§ What is required
Would you reproduce exactly, and only, the lines starting at the one with "ヴィタメールの代表作「ショコ" and ending at the last line of the data, with both included? Leave the pictures out.
----- Given entries
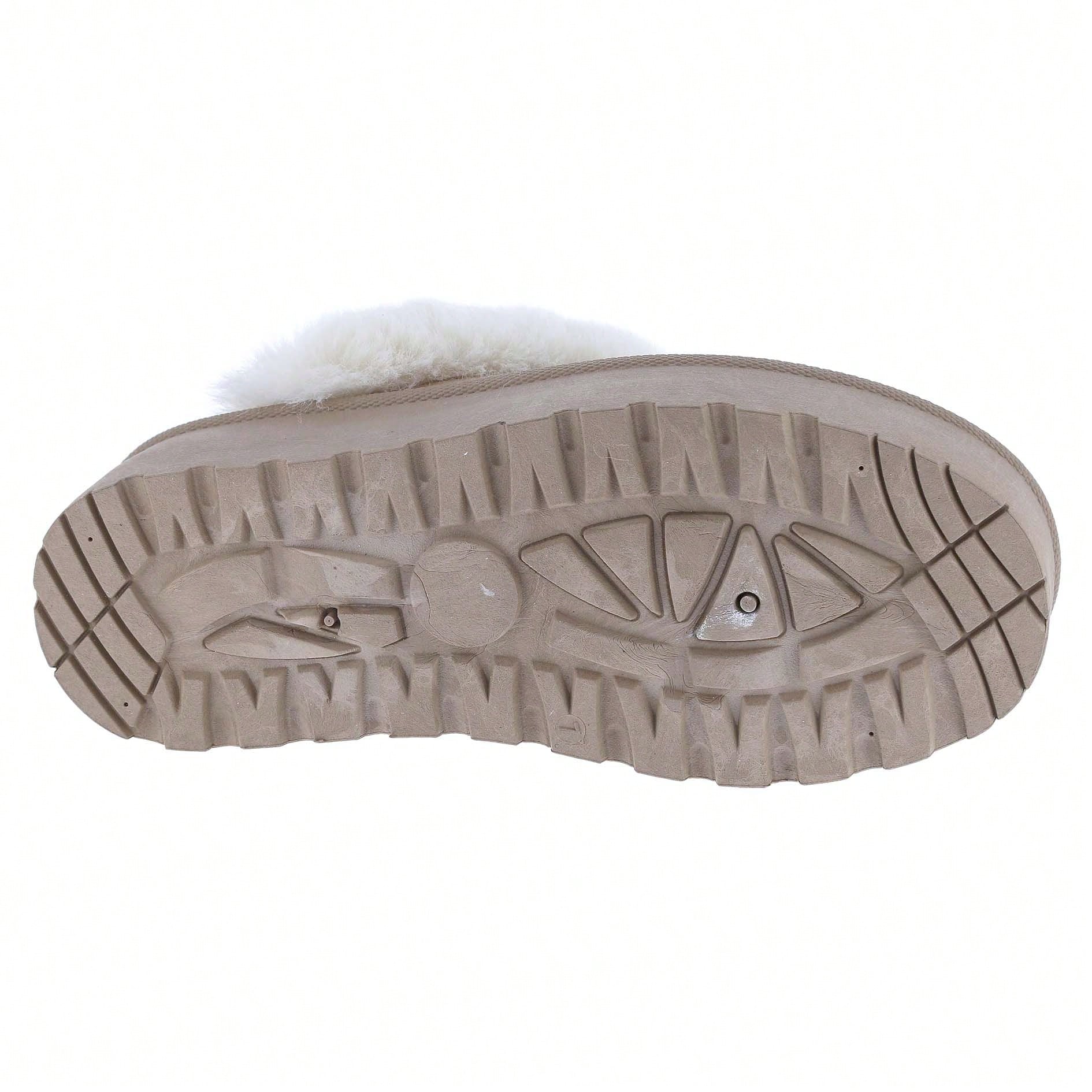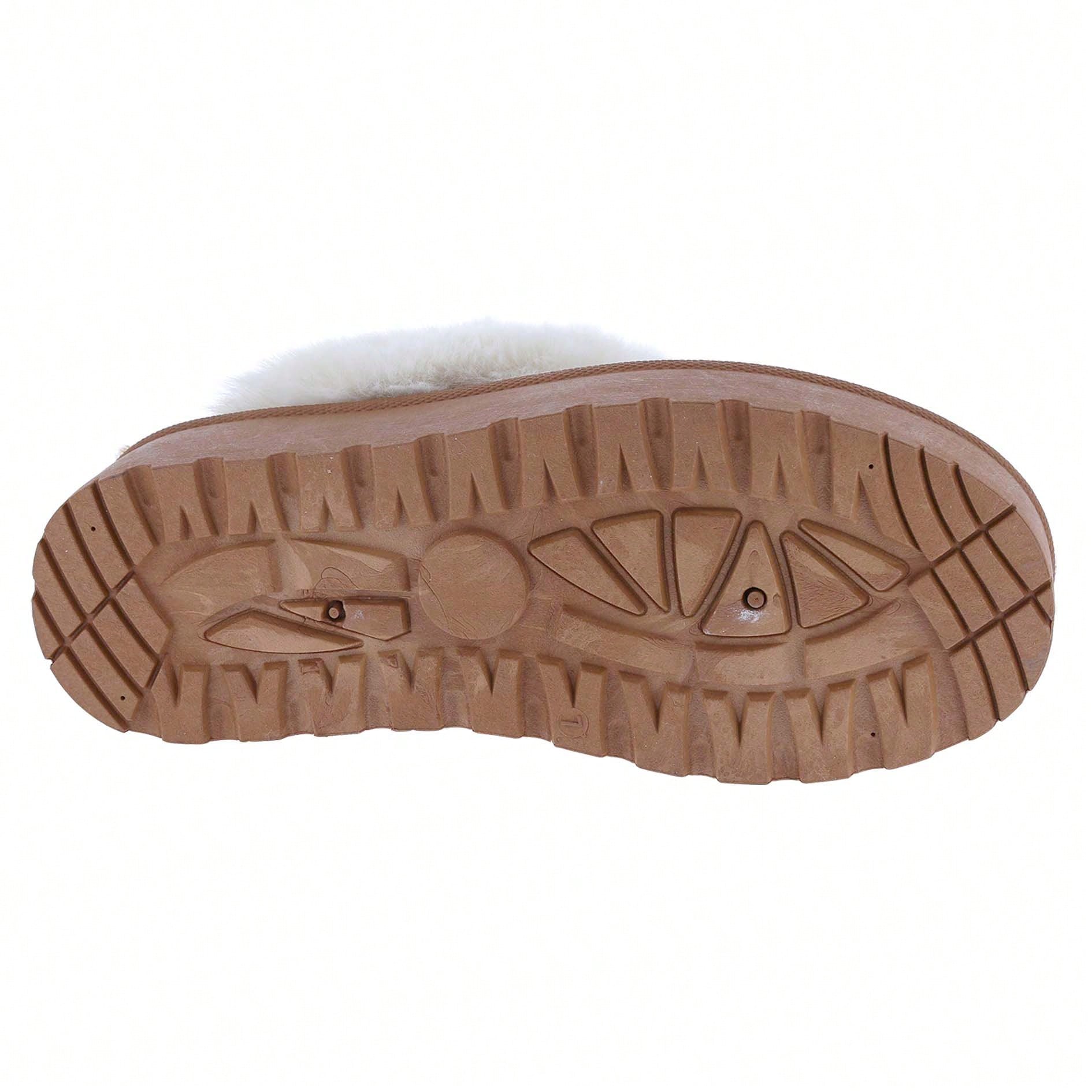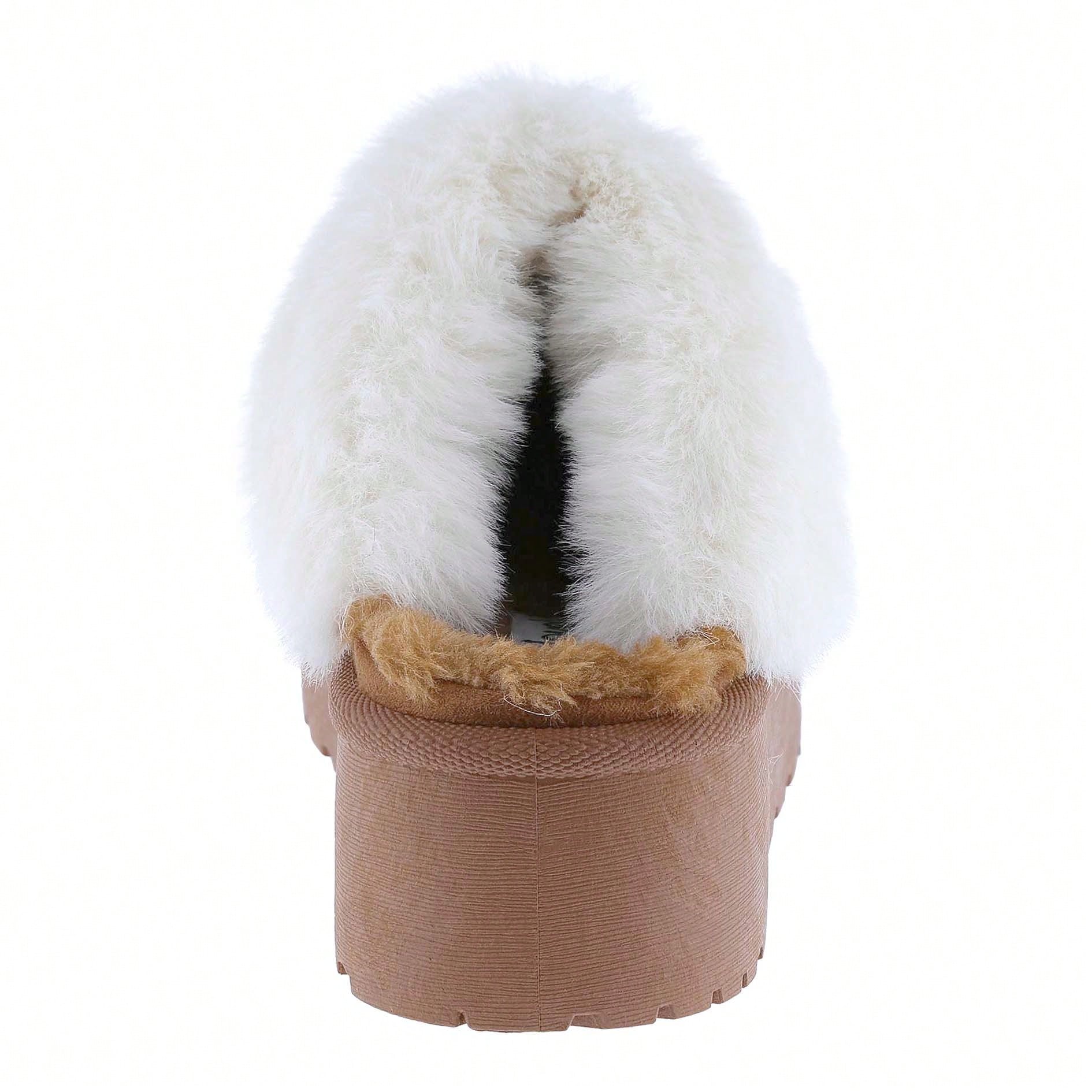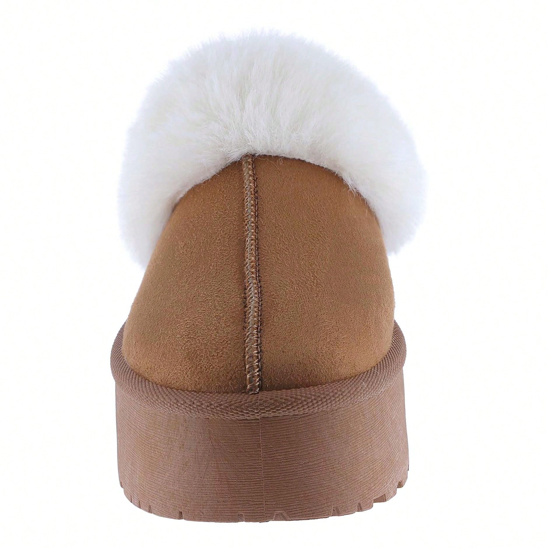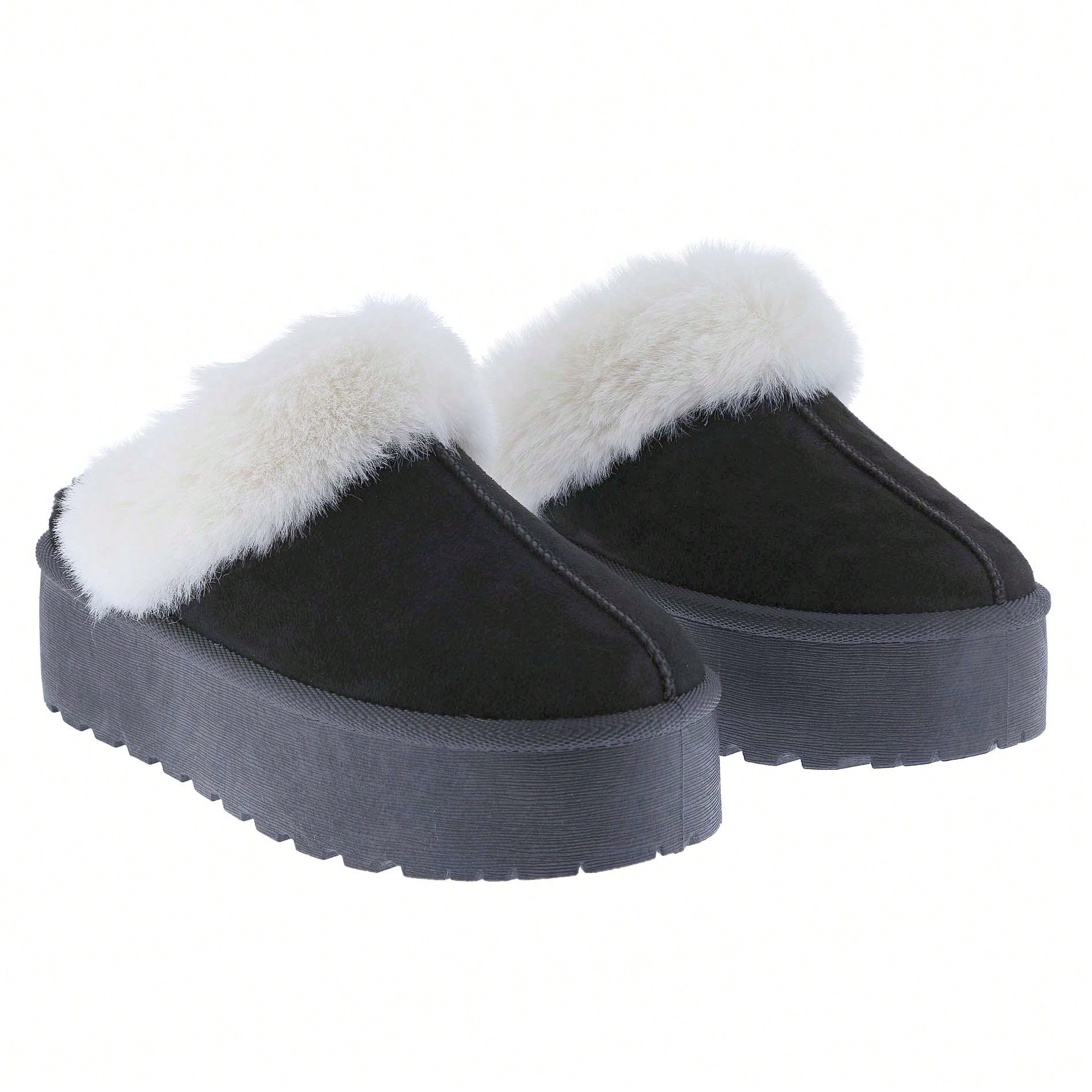 Women's Faux Fur Slip-On Platform Winter Mules Fluffy Suede Comfort Slippers
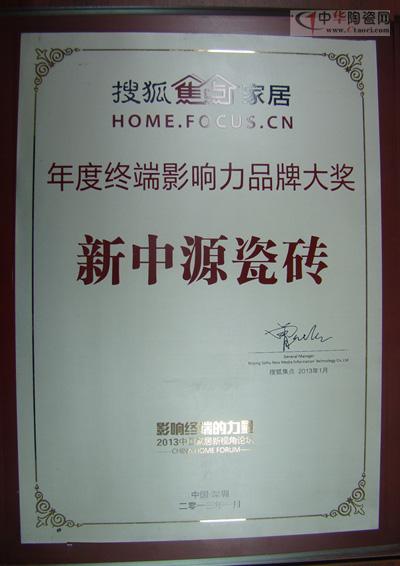 2013年1月17日,“影響終端的力量”2013家居新視角論壇在深圳京基100大廈瑞吉酒店隆重舉行。來自眾多機(jī)構(gòu)協(xié)會(huì)和知名企業(yè)的領(lǐng)導(dǎo)、領(lǐng)袖企業(yè)家及行業(yè)精英等共300余名行業(yè)嘉賓蒞臨現(xiàn)場(chǎng),圍繞以終端用戶為中心的話題,全面探討了家居行業(yè)的現(xiàn)狀與發(fā)展,探尋影響終端的力量。同時(shí)主辦方聯(lián)合中國建筑裝飾協(xié)會(huì)、中國建筑衛(wèi)生陶瓷協(xié)會(huì)及中國家具協(xié)會(huì)等支持機(jī)構(gòu)共同對(duì)2012年度終端表現(xiàn)突出的家居品牌進(jìn)行表彰和鼓勵(lì),新中源陶瓷憑借卓越的行業(yè)美譽(yù)度和強(qiáng)大的終端品牌影響力,榮獲“年度終端影響力品牌”。
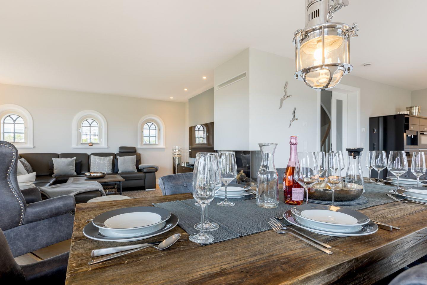 Vom großzügigen Eingangsbereich erreichen Sie die offene Wohnküche mit bodentiefen Fenstern, die die Sylter Sonne in das Zimmer strahlen lassen. Vom Wohnzimmer aus geht es auf die große Terrasse und in den Garten, in dem sich Ihre Kinder im Sommer wohlfühlen können. Die eingebaute Küche lässt jedes Hobbykoch-Herz höherschlagen, denn hier wird es Ihnen an nichts fehlen.[nbsp][nbsp]Der große Esstisch eignet sich perfekt für ein leckeres Familiendinner oder ein ausgiebiges Urlaubs-Frühstück. Auf dem gemütlichen Ecksofa können Sie die Wärme aus dem großen Gaskamin genießen und den stressigen Alltag hinter sich lassen. Das gesamte Haus ist top-modern eingerichtet und bietet Ihnen allen Komfort, den Sie in Ihrer schönsten Zeit des Jahres brauchen.
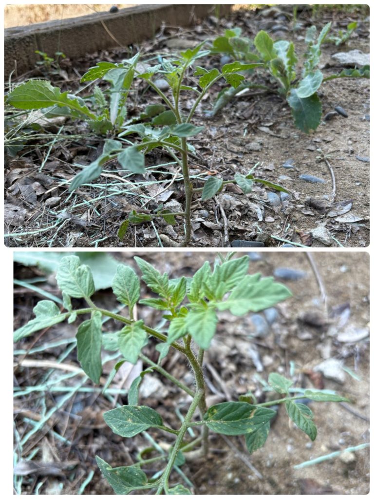 エンデバーに敷地に、裏の方です!トマトの苗が生えていました。
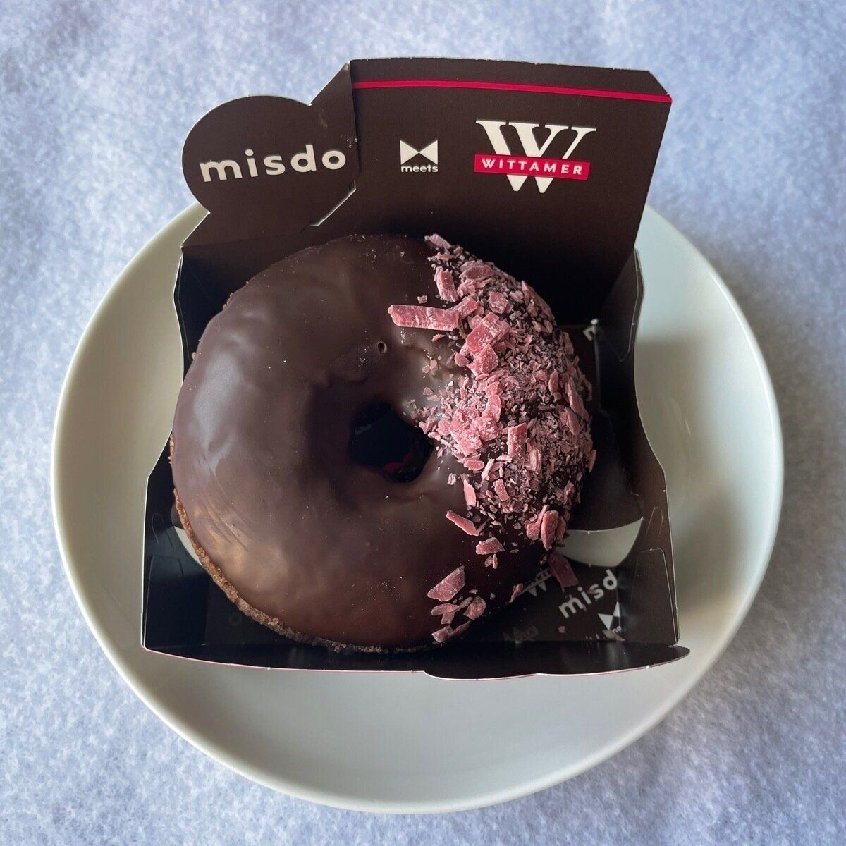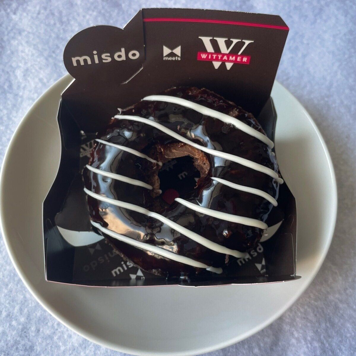 ヴィタメールの代表作「ショコラ サンバ」をドーナツで再現。艶やかなチョコレートにホワイトチョコの線がけはインパクト抜群です。
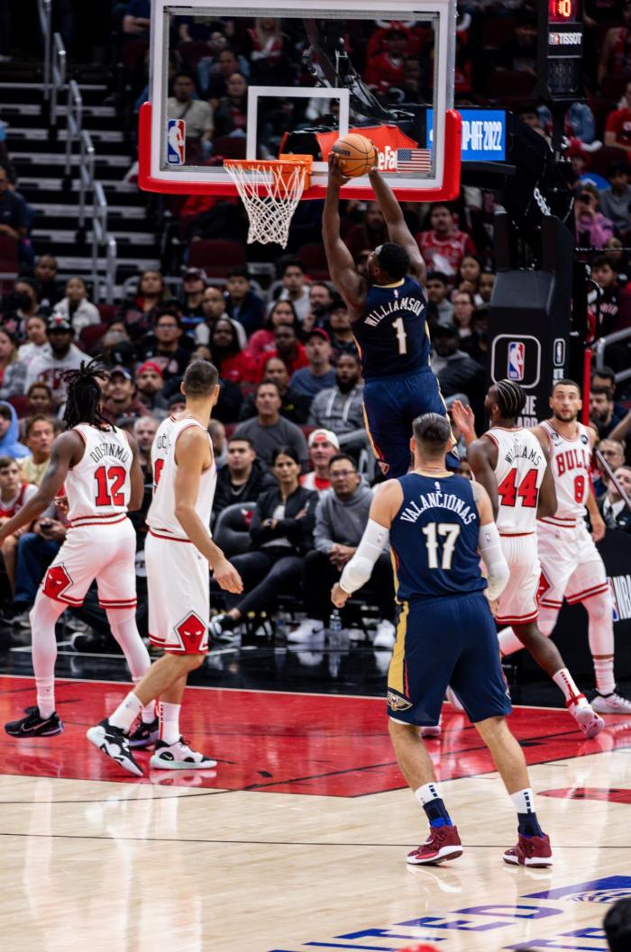 第一节7分40秒左右,锡安持球一步过掉帕特里克-威廉姆斯,杀到禁区上演势大力沉的双手暴扣,胖虎又飞起来了;锡安第一节打了4分58秒,3投2中拿到5分2篮板,身体状态很不错,心情也很好。
----------
§ Result
 ヴィタメールの代表作「ショコラ サンバ」をドーナツで再現。艶やかなチョコレートにホワイトチョコの線がけはインパクト抜群です。
 第一节7分40秒左右,锡安持球一步过掉帕特里克-威廉姆斯,杀到禁区上演势大力沉的双手暴扣,胖虎又飞起来了;锡安第一节打了4分58秒,3投2中拿到5分2篮板,身体状态很不错,心情也很好。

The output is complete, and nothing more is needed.